Still, there is one major expense that has never made any sense to me: textbooks. Students likely know this ordeal well — you head to the BYU Store and search high and low for an American Heritage textbook, finding the last one on the shelf. Then you also have to find the professor-specific workbook before waiting in the obscenely long line and spending a hefty sum. If you’re lucky, you might make it out having spent less than $200.
You think to yourself, “I know! I’ll buy the textbook used and save a bunch of money!” That’s an excellent idea — better for the environment, better for you and better for the person who you’re purchasing the book from. But when you purchase a book used, not a single dollar goes into the pocket of the publisher.
Have you ever really compared the difference between textbooks that are different editions? Between a first and second edition version of a textbook, it’s likely the differences are extremely minor. Maybe 10 pages were added or removed, some spelling errors were corrected, or the glossary was expanded. All ultimately negligible changes, but just enough to alter the page numbers of assignments.
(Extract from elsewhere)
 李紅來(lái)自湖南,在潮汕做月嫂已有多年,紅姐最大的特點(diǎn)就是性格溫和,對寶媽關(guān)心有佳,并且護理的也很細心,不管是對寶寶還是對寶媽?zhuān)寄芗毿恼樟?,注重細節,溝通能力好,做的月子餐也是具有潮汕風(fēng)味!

Just enough to consider it a “brand new edition” and charge you another $100.
Sometimes, you don’t even get a physical textbook for this price. In several classes at BYU, I had to purchase an “access code” to an online textbook. You would think these codes would be less expensive since there are no costs associated with printing or shipping, but you would be wrong. The codes I had to purchase were no less than $70 every time.
General education courses are often the worst culprits of this. As someone who has completed all her generals, here’s a word of advice to those still working on GEs: you probably don’t need the latest edition of every textbook. If your professor insists on having the latest edition for their course, do your research. How different are the editions, really?
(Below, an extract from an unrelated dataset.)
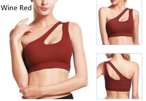 Hecho de tela muy elástica, este sostén deportivo es de grosor medio, suave y cómodo, de ajuste ceñido, resistente a la decoloración, diseño de un solo hombro para combinar, con almohadillas en el busto. Talla S Largo 28.5cm, Busto 35.5cm Excelente para 30A 30B 30C 32A 32B Nuevo sin etiqueta

To give credit where it is due, BYU has improved in a few textbook-related areas since my first semester here. Starting this semester, the BYU Store has implemented a textbook price match policy, meaning if you find a better price for the textbook somewhere else, you can get it from BYU for the lower price. Another excellent resource is the library, where a lot of textbooks are available to be used in the study rooms and many are accessible online for free, so long as you have a BYU login.
I don’t believe this is a BYU-centric issue, because this sentiment has been echoed by university students across the country. I don’t know that this issue will change any time soon, but I do know that I could have saved a lot of money for the first three years of my college experience if I had known what I know now about textbooks.
Do your research: find textbooks online, rent your textbooks, price-match them, use the library, buy old editions, and do anything you can to save money. You’re already paying for your education, so see the textbook publishing industry for what it really is: a big, fat cash-grab.